まず、union型ヒントを使用することで、引数や戻り値の型が複数の候補となるため、型のチェックが厳密になりません。

そのため、実行時に型エラーが発生する可能性があります。

また、union型ヒントを使用する場合、コードの可読性が低下する可能性があるため、適切な場面で使用することが重要です。

union型ヒントの具体的な例

数値または文字列を受け取る関数の例

以下の例は、引数として数値または文字列を受け取る関数の例です。

from typing import Union

def print_value(value: Union[int, str]) -> None:
    print(value)

print_value(10)  # 数値を受け取る場合
print_value("Hello")  # 文字列を受け取る場合

リストまたはタプルを受け取る関数の例

以下の例は、引数としてリストまたはタプルを受け取る関数の例です。

from typing import Union, List, Tuple

def print_values(values: Union[List[int], Tuple[str, str]]) -> None:
    for value in values:
        print(value)

print_values([1, 2, 3])  # リストを受け取る場合
print_values(("Hello", "World"))  # タプルを受け取る場合

オプションの引数を受け取る関数の例

以下の例は、オプションの引数を受け取る関数の例です。

from typing import Union

def print_message(message: str, count: Union[int, None] = None) -> None:
    if count is None:
        print(message)
    else:
        for _ in range(count):
            print(message)

print_message("Hello")  # オプションの引数を指定しない場合
print_message("Hello", 3)  # オプションの引数を指定する場合

union型ヒントの応用例

ユーザー入力のバリデーション

ユーザーからの入力を受け付ける際に、入力値の型をチェックする際にunion型ヒントを使用することができます。

たとえば、数値または文字列を受け取る関数の場合、ユーザーからの入力が数値か文字列かをチェックする必要があります。

外部APIのレスポンスの型ヒント

外部APIからのレスポンスを受け取る際に、レスポンスの型を指定する際にunion型ヒントを使用することができます。

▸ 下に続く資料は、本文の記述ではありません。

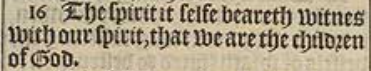 16 The spirit it selfe beareth witnes with our spirit, that we are the children of God.
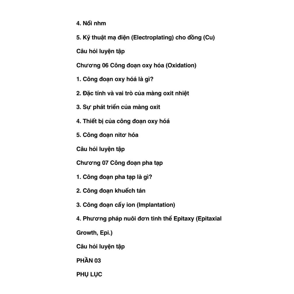 Phần hai, Công đoạn chế tạo bán dẫn, đi sâu vào chi tiết từng bước trong quy trình sản xuất, từ các khái niệm cơ bản đến các công nghệ tiên tiến. Người đọc sẽ được tìm hiểu về các quy trình quan trọng như quang khắc, ăn mòn, màng mỏng, nối dây kim loại, ôxy hóa, pha tạp, đánh bóng cơ-hóa và làm sạch. Mỗi công đoạn được trình bày một cách dễ hiểu, từ lý thuyết đến thực tế, giúp độc giả có thể nắm bắt được những khía cạnh phức tạp và tinh vi của công nghệ chế tạo bán dẫn hiện đại.

たとえば、APIからのレスポンスが辞書型またはリスト型のいずれかである場合、union型ヒントを使用して適切な型を指定することができます。

データベースのカラムの型ヒント

データベースのカラムの型を指定する際に、union型ヒントを使用することができます。

たとえば、カラムが数値型または文字列型のいずれかである場合、union型ヒントを使用して適切な型を指定することができます。

union型ヒントはPython 3.10以降でサポートされています。